PROBLEM REQUIREMENTS - Pictures are to be omitted; everything else in the data must be transcribed exactly.

SUPPLIED INFORMATION -
-=-=-
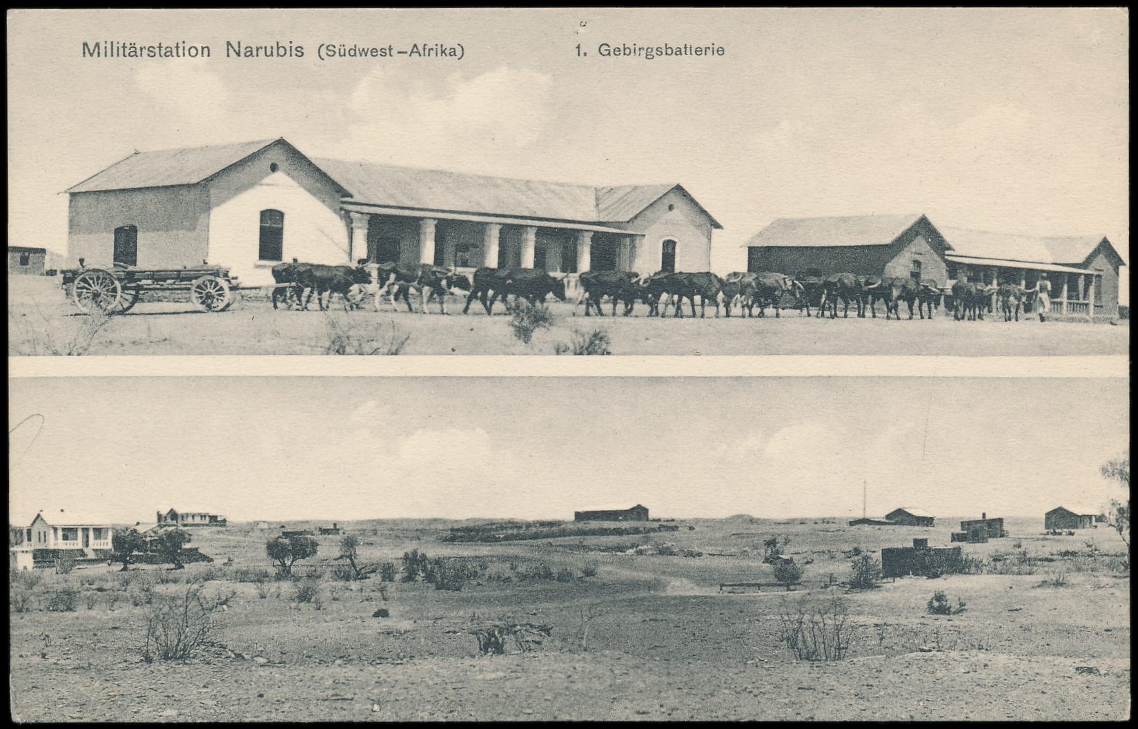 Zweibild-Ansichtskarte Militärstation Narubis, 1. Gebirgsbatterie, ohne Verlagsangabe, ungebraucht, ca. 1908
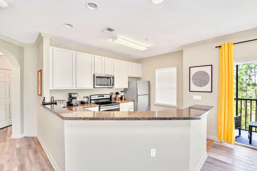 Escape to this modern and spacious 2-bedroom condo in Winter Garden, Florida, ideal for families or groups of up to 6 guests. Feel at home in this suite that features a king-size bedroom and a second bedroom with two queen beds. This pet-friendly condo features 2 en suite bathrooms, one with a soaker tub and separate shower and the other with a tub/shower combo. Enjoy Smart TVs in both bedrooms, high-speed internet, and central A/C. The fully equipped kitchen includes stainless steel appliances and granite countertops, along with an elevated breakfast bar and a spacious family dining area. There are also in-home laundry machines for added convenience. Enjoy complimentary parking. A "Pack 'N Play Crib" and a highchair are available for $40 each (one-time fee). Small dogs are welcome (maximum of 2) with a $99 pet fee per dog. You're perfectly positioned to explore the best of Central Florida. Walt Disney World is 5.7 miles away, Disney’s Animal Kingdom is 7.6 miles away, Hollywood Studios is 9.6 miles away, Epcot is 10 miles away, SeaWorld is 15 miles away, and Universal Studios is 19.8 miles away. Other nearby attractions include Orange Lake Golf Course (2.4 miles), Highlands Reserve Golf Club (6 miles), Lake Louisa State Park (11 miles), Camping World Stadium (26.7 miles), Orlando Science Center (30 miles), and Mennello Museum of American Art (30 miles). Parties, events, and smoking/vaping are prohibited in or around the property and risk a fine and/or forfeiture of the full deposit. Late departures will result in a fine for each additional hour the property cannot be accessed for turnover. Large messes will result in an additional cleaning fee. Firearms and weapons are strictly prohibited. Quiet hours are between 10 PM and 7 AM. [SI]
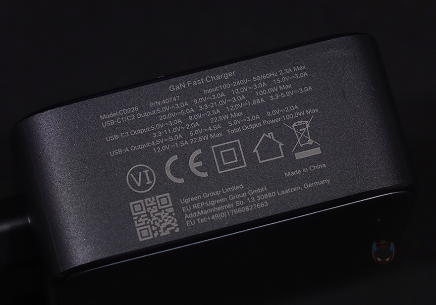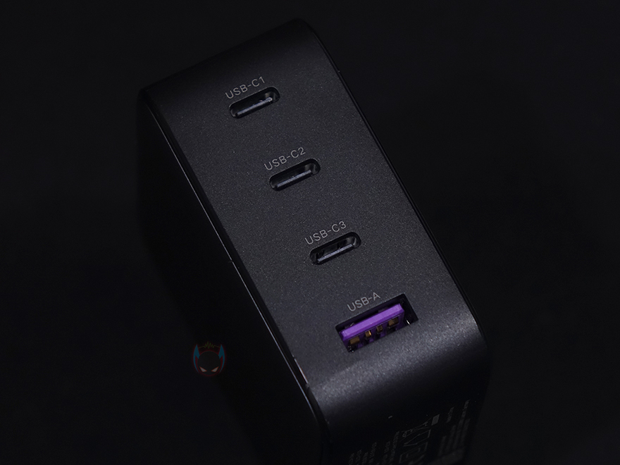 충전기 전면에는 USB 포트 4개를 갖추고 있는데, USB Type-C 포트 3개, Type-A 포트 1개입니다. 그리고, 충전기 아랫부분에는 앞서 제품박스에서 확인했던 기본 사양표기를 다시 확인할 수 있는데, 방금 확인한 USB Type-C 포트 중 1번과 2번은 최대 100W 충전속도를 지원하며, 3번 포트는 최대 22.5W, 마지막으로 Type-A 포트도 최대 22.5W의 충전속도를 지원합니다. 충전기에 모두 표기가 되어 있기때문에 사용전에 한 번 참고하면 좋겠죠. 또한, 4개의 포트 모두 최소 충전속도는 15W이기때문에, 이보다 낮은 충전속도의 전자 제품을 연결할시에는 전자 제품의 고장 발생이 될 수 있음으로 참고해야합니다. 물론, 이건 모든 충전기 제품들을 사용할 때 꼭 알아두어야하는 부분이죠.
-=-=-
RESULT OF THE TASK -
 Zweibild-Ansichtskarte Militärstation Narubis, 1. Gebirgsbatterie, ohne Verlagsangabe, ungebraucht, ca. 1908
 Escape to this modern and spacious 2-bedroom condo in Winter Garden, Florida, ideal for families or groups of up to 6 guests. Feel at home in this suite that features a king-size bedroom and a second bedroom with two queen beds. This pet-friendly condo features 2 en suite bathrooms, one with a soaker tub and separate shower and the other with a tub/shower combo. Enjoy Smart TVs in both bedrooms, high-speed internet, and central A/C. The fully equipped kitchen includes stainless steel appliances and granite countertops, along with an elevated breakfast bar and a spacious family dining area. There are also in-home laundry machines for added convenience. Enjoy complimentary parking. A "Pack 'N Play Crib" and a highchair are available for $40 each (one-time fee). Small dogs are welcome (maximum of 2) with a $99 pet fee per dog. You're perfectly positioned to explore the best of Central Florida. Walt Disney World is 5.7 miles away, Disney’s Animal Kingdom is 7.6 miles away, Hollywood Studios is 9.6 miles away, Epcot is 10 miles away, SeaWorld is 15 miles away, and Universal Studios is 19.8 miles away. Other nearby attractions include Orange Lake Golf Course (2.4 miles), Highlands Reserve Golf Club (6 miles), Lake Louisa State Park (11 miles), Camping World Stadium (26.7 miles), Orlando Science Center (30 miles), and Mennello Museum of American Art (30 miles). Parties, events, and smoking/vaping are prohibited in or around the property and risk a fine and/or forfeiture of the full deposit. Late departures will result in a fine for each additional hour the property cannot be accessed for turnover. Large messes will result in an additional cleaning fee. Firearms and weapons are strictly prohibited. Quiet hours are between 10 PM and 7 AM. [SI]
 충전기 전면에는 USB 포트 4개를 갖추고 있는데, USB Type-C 포트 3개, Type-A 포트 1개입니다. 그리고, 충전기 아랫부분에는 앞서 제품박스에서 확인했던 기본 사양표기를 다시 확인할 수 있는데, 방금 확인한 USB Type-C 포트 중 1번과 2번은 최대 100W 충전속도를 지원하며, 3번 포트는 최대 22.5W, 마지막으로 Type-A 포트도 최대 22.5W의 충전속도를 지원합니다. 충전기에 모두 표기가 되어 있기때문에 사용전에 한 번 참고하면 좋겠죠. 또한, 4개의 포트 모두 최소 충전속도는 15W이기때문에, 이보다 낮은 충전속도의 전자 제품을 연결할시에는 전자 제품의 고장 발생이 될 수 있음으로 참고해야합니다. 물론, 이건 모든 충전기 제품들을 사용할 때 꼭 알아두어야하는 부분이죠.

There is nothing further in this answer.